TASK INPUTS START
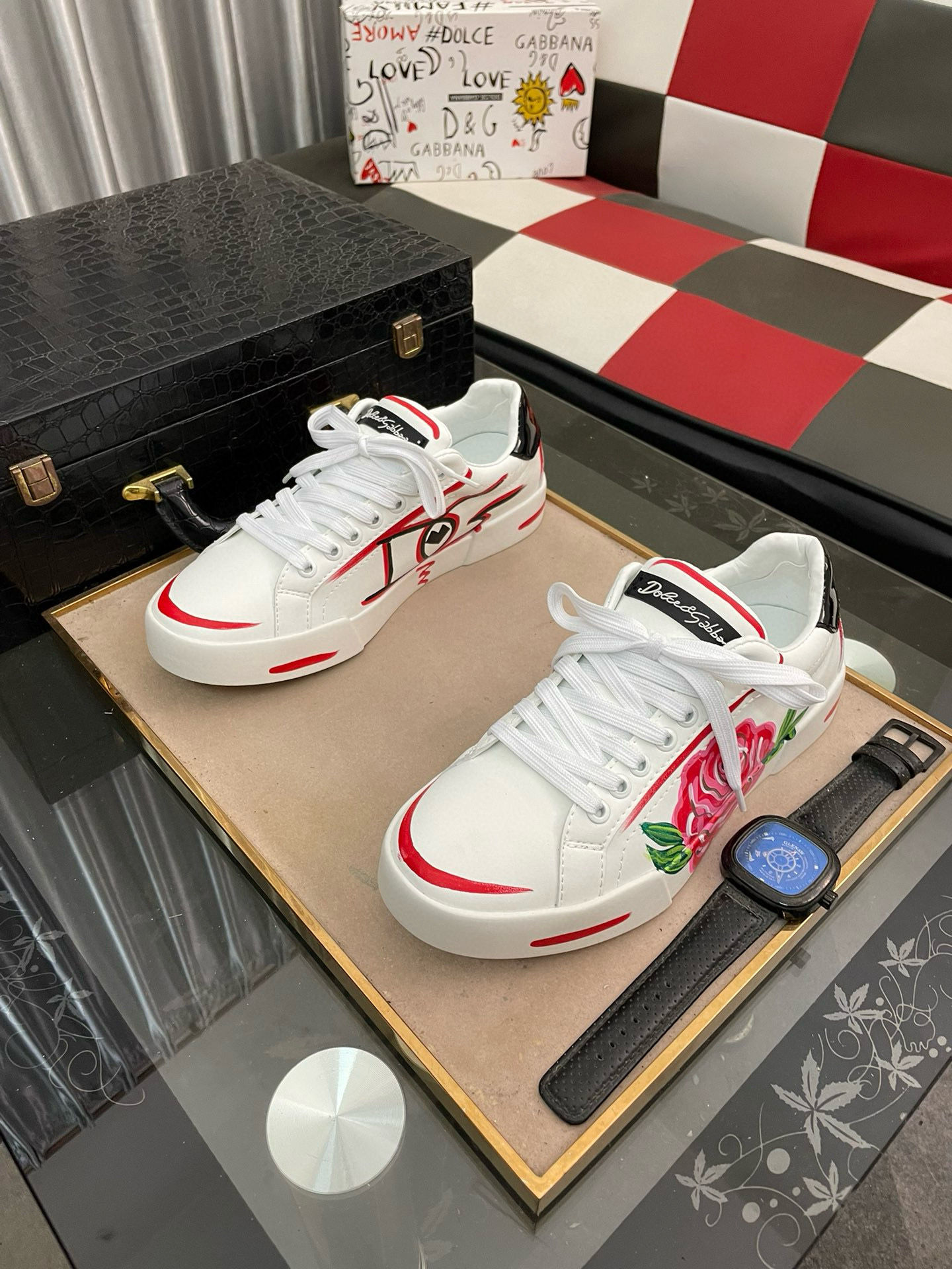 NIGO Dolce&Gabbana Men's Graffiti White Shoes Cowhide Board Shoes Sneakers #nigo98356
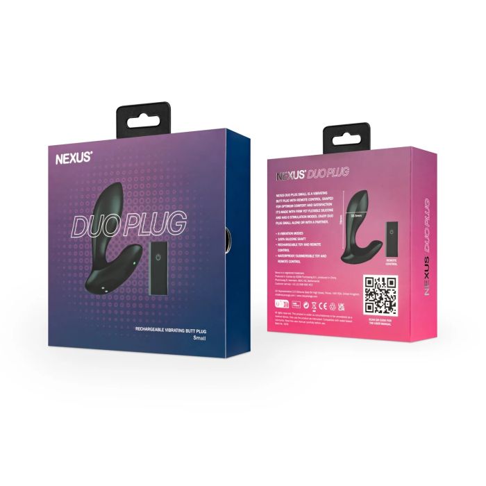 De Nexus Duo is een heerlijke vibrerende buttplug die 6 heerlijke vibratiestanden levert. De buttplug is gemaakt van hoogwaardig en flexibel siliconen dat zijdezacht aanvoelt op de huid. Via de draadloze afstandsbediening kan je tot een afstand van 8 meter de buttplug bedienen. Zowel de buttplug als de afstandsbediening zijn eenvoudig op te laden via de meegeleverde magnetische USB-oplaadkabel. De Nexus Duo is waterproof (IPX7) wat het mogelijk maakt om hem tot 1 meter onder te dompelen in water tot 30 minuten. Gebruik uitsluitend een glijmiddel op waterbasis in combinatie met dit speeltje. Schoonmaken kan met water en een milde zeep of met één van onze speciale toycleaners.
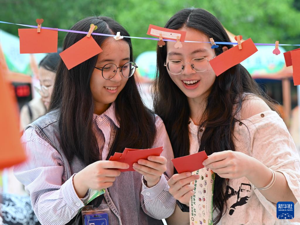 5월 25일, 푸저우대 심리 축제 행사에서 학생들이 심리 건강 지식 퀴즈 카드를 확인하고 있다. [신화사 강커훙 기자 촬영]
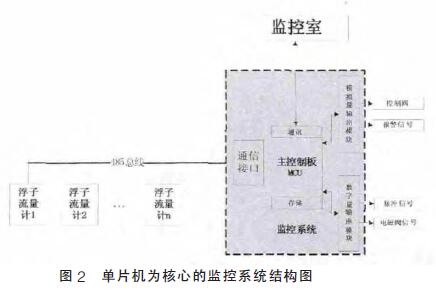浮子流量計(jì)監(jiān)控系統(tǒng)主要功能是模擬量采集輸出, 數(shù)字量采集輸出,由核心模塊進(jìn)行分析、處理、存儲(chǔ)并和上位機(jī)通信。工業(yè)上常用的監(jiān)控系統(tǒng),從組成結(jié)構(gòu)來看主要分為PLC為核心的監(jiān)控系統(tǒng)、現(xiàn)場(chǎng)總線為核心的監(jiān)控系統(tǒng)、單片機(jī)為核心的監(jiān)控系統(tǒng)。本設(shè)計(jì)主要采用以單片機(jī)為核心的監(jiān)控方法,該系統(tǒng)使用廣泛,體積小、功耗低、操作方便、設(shè)計(jì)簡(jiǎn)便、成本低,是許多小型監(jiān)控系統(tǒng)的*選。單片機(jī)為核心的監(jiān)控系統(tǒng)結(jié)構(gòu)如圖2所示。本監(jiān)測(cè)系統(tǒng)主要包括現(xiàn)場(chǎng)浮子流量計(jì)組、485總線、主控制板MCU 以及模擬數(shù)字輸出控制模塊。
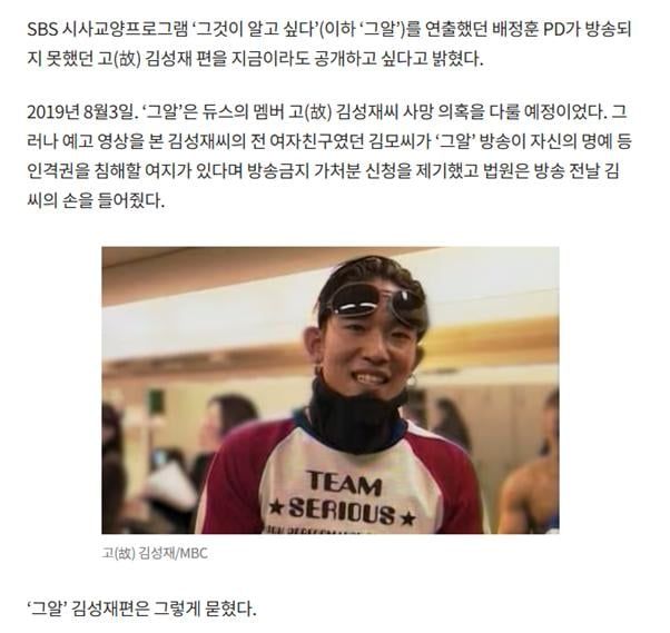 현실로 따지면 그알에서 김성재 사건 다뤘다가 폐기된..
TASK INPUTS END
Each entry above should be restated word for word, though no picture may appear in the copy.

[TASK RESULT]
 NIGO Dolce&Gabbana Men's Graffiti White Shoes Cowhide Board Shoes Sneakers #nigo98356
 De Nexus Duo is een heerlijke vibrerende buttplug die 6 heerlijke vibratiestanden levert. De buttplug is gemaakt van hoogwaardig en flexibel siliconen dat zijdezacht aanvoelt op de huid. Via de draadloze afstandsbediening kan je tot een afstand van 8 meter de buttplug bedienen. Zowel de buttplug als de afstandsbediening zijn eenvoudig op te laden via de meegeleverde magnetische USB-oplaadkabel. De Nexus Duo is waterproof (IPX7) wat het mogelijk maakt om hem tot 1 meter onder te dompelen in water tot 30 minuten. Gebruik uitsluitend een glijmiddel op waterbasis in combinatie met dit speeltje. Schoonmaken kan met water en een milde zeep of met één van onze speciale toycleaners.
 5월 25일, 푸저우대 심리 축제 행사에서 학생들이 심리 건강 지식 퀴즈 카드를 확인하고 있다. [신화사 강커훙 기자 촬영]
浮子流量計(jì)監(jiān)控系統(tǒng)主要功能是模擬量采集輸出, 數(shù)字量采集輸出,由核心模塊進(jìn)行分析、處理、存儲(chǔ)并和上位機(jī)通信。工業(yè)上常用的監(jiān)控系統(tǒng),從組成結(jié)構(gòu)來看主要分為PLC為核心的監(jiān)控系統(tǒng)、現(xiàn)場(chǎng)總線為核心的監(jiān)控系統(tǒng)、單片機(jī)為核心的監(jiān)控系統(tǒng)。本設(shè)計(jì)主要采用以單片機(jī)為核心的監(jiān)控方法,該系統(tǒng)使用廣泛,體積小、功耗低、操作方便、設(shè)計(jì)簡(jiǎn)便、成本低,是許多小型監(jiān)控系統(tǒng)的*選。單片機(jī)為核心的監(jiān)控系統(tǒng)結(jié)構(gòu)如圖2所示。本監(jiān)測(cè)系統(tǒng)主要包括現(xiàn)場(chǎng)浮子流量計(jì)組、485總線、主控制板MCU 以及模擬數(shù)字輸出控制模塊。
 현실로 따지면 그알에서 김성재 사건 다뤘다가 폐기된..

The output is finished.